No era ésta, ni con mucho, la vocación del caballero de Vauvert, que acababa de escribir, con los ojos arrasados en llanto, la carta de que se burlaba el rey. Entretanto, a solas con su padre en el fondo del viejo castillo de Neauflette, se paseaba por la estancia con aire triste y enfurecido.

-Quiero ir a Versalles.

-¿Y qué vas a hacer allí?

-No lo sé; pero ¿qué hago aquí?

-Acompañarme; ciertamente que esto no será muy divertido para vos, y de ningún modo quiero reteneros. Pero ¿olvidáis que vuestra madre ha muerto?

-No, señor; y le prometí consagraros la vida que os debo. Volveré, pero quiero partir; no sabría permanecer aquí.

-¿Y a qué se debe eso?

-A un extremado amor. Amo perdidamente a mademoiselle de Annebault.

-Sabéis que es inútil. Nadie más que Molière puede hacer casamiento sin dote.

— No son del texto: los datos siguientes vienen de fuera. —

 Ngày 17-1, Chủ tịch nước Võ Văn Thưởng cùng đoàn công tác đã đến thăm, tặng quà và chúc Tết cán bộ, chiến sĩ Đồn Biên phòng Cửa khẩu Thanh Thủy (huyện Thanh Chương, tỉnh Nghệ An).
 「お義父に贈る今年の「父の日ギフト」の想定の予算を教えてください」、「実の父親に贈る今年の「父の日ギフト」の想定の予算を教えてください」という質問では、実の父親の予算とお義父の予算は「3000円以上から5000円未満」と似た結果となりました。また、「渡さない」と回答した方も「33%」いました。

Olvidáis, además, que he caído en desgracia.

-¡Ah, señor! ¡Vuestra desgracia! ¿Me será permitido, sin apartarme del más profundo respeto, preguntaros a qué se debe? Nosotros no pertenecemos al Parlamento. Nosotros no creamos el impuesto, pero lo pagamos. Si el Parlamento escatima los dineros del rey, es cosa suya y no nuestra. ¿Por qué ha de arrastrarnos en su ruina el señor abate de Chauvelin?

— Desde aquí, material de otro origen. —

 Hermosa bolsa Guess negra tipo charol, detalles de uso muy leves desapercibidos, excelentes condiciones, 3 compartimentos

-El señor abate de Chauvelin procede como un hombre honrado. Se niega a aprobar el diezmo porque está escandalizado de las dilapidaciones de la Corte. En tiempos de madame de Châteauroux no hubiera ocurrido nada semejante. Aquélla, al menos, era realmente hermosa, y no costaba nada, ni aun lo que prodigaba generosamente. Y aunque reina y señora, se consideraba satisfecha con que el rey no la enviase a pudrirse en un calabozo cuando le retirase su favor. Pero esta Etioles, esta Normant, esta Poisson insaciable... [2]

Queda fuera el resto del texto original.